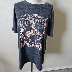 Embrace the spirit of the Wild West with this stylish t-shirt. Featuring a bold cowboy graphic, this gray shirt is perfecT. Comfortable and trendy, it's a great addition to any wardrobe.
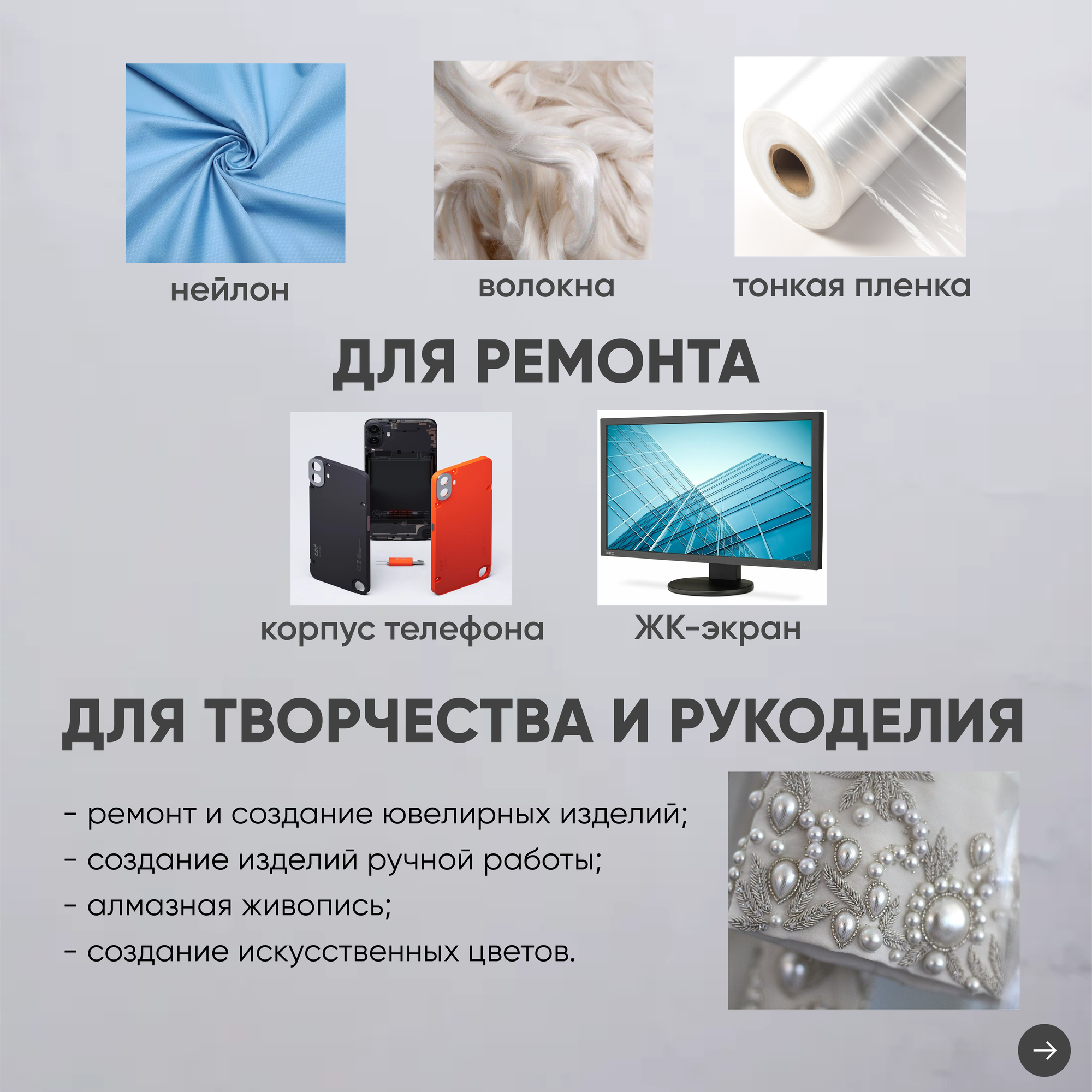 | Материалы для склеивания | ДСП / ПВХ / бумага / дерево / камень / керамика / кожа / металл / оргалит / оргстекло / пенополистирол / пластик / полиуретан / пробка / резина / стекло / ткань / фарфор |
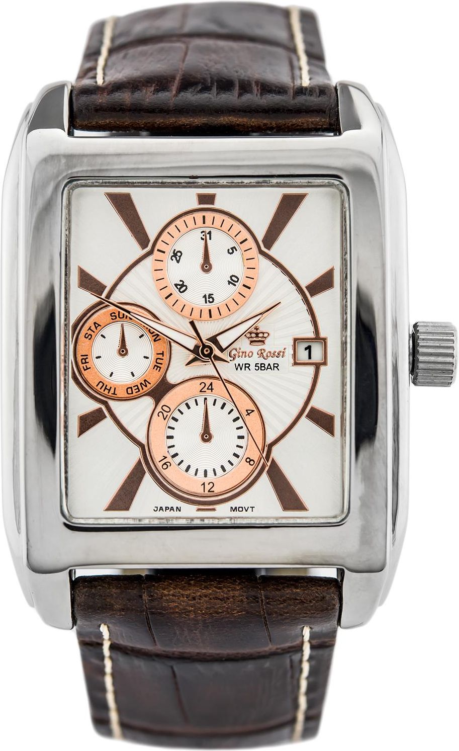 Opis: zegarek męski GINO ROSSI 6464 7BZ Mechanizm: Kwarcowe MIYOTA made in japan - zasilany baterią. Koperta: wykonana z wysokiej jakości stali, stop ten charakteryzuje się najwyższym stopniem odporności na korozję. Szkiełko: wysokiej jakości szkiełko mineralne, odporne na zarysowania - wypukłe. Pasek: skórzany, wysoka jakość. Datownik: wskaźnik dnia miesiąca. Neobride: fosforyzowane wskazówki świecące w ciemności. Wodoszczelność: 5BAR. Odporny na deszcz i zachlapania. Kolorystyka: koperta: srebrna tarcza: srebrna pasek: brązowy Wymiary: koperta : szerokość 36mm, wysokość 49mm szerokość paska: 24mm grubość zegarka: 11mm obwód zegarka od 16,5cm do 22cm obwód nadgarstka, na którym przedstawiony jest zegarek to 16cm Gwarancja: Na zegarek jest udzielana 24 miesięczna gwarancja. Dodatkowe informacje: Plating IPS/IPG: jonowa metoda nakładania powłoki zegarka, pozwalająca na uzyskanie jednolitej gładkości powierzchni o podwyższonej odporności na ścieranie. Nickel free: zegarek nie uczula - antyalergiczny.
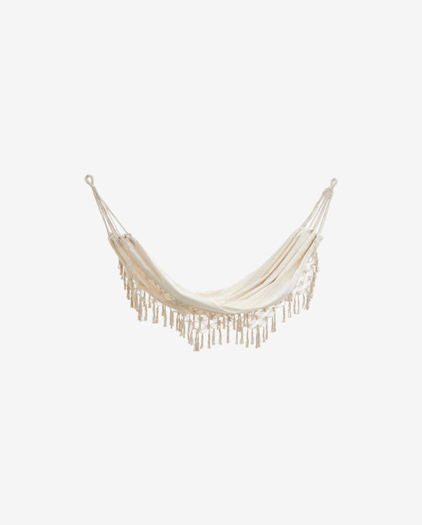 Vacker cremefärgad hängmatta med virkad detalj, perfekt för avkoppling inomhus eller i trädgården.
== == ==
**WHAT THIS TASK INVOLVES**
Without the pictures, repeat the listing exactly as it reads.

**TASK SOLUTION**
 Embrace the spirit of the Wild West with this stylish t-shirt. Featuring a bold cowboy graphic, this gray shirt is perfecT. Comfortable and trendy, it's a great addition to any wardrobe.
 | Материалы для склеивания | ДСП / ПВХ / бумага / дерево / камень / керамика / кожа / металл / оргалит / оргстекло / пенополистирол / пластик / полиуретан / пробка / резина / стекло / ткань / фарфор |
 Opis: zegarek męski GINO ROSSI 6464 7BZ Mechanizm: Kwarcowe MIYOTA made in japan - zasilany baterią. Koperta: wykonana z wysokiej jakości stali, stop ten charakteryzuje się najwyższym stopniem odporności na korozję. Szkiełko: wysokiej jakości szkiełko mineralne, odporne na zarysowania - wypukłe. Pasek: skórzany, wysoka jakość. Datownik: wskaźnik dnia miesiąca. Neobride: fosforyzowane wskazówki świecące w ciemności. Wodoszczelność: 5BAR. Odporny na deszcz i zachlapania. Kolorystyka: koperta: srebrna tarcza: srebrna pasek: brązowy Wymiary: koperta : szerokość 36mm, wysokość 49mm szerokość paska: 24mm grubość zegarka: 11mm obwód zegarka od 16,5cm do 22cm obwód nadgarstka, na którym przedstawiony jest zegarek to 16cm Gwarancja: Na zegarek jest udzielana 24 miesięczna gwarancja. Dodatkowe informacje: Plating IPS/IPG: jonowa metoda nakładania powłoki zegarka, pozwalająca na uzyskanie jednolitej gładkości powierzchni o podwyższonej odporności na ścieranie. Nickel free: zegarek nie uczula - antyalergiczny.
 Vacker cremefärgad hängmatta med virkad detalj, perfekt för avkoppling inomhus eller i trädgården.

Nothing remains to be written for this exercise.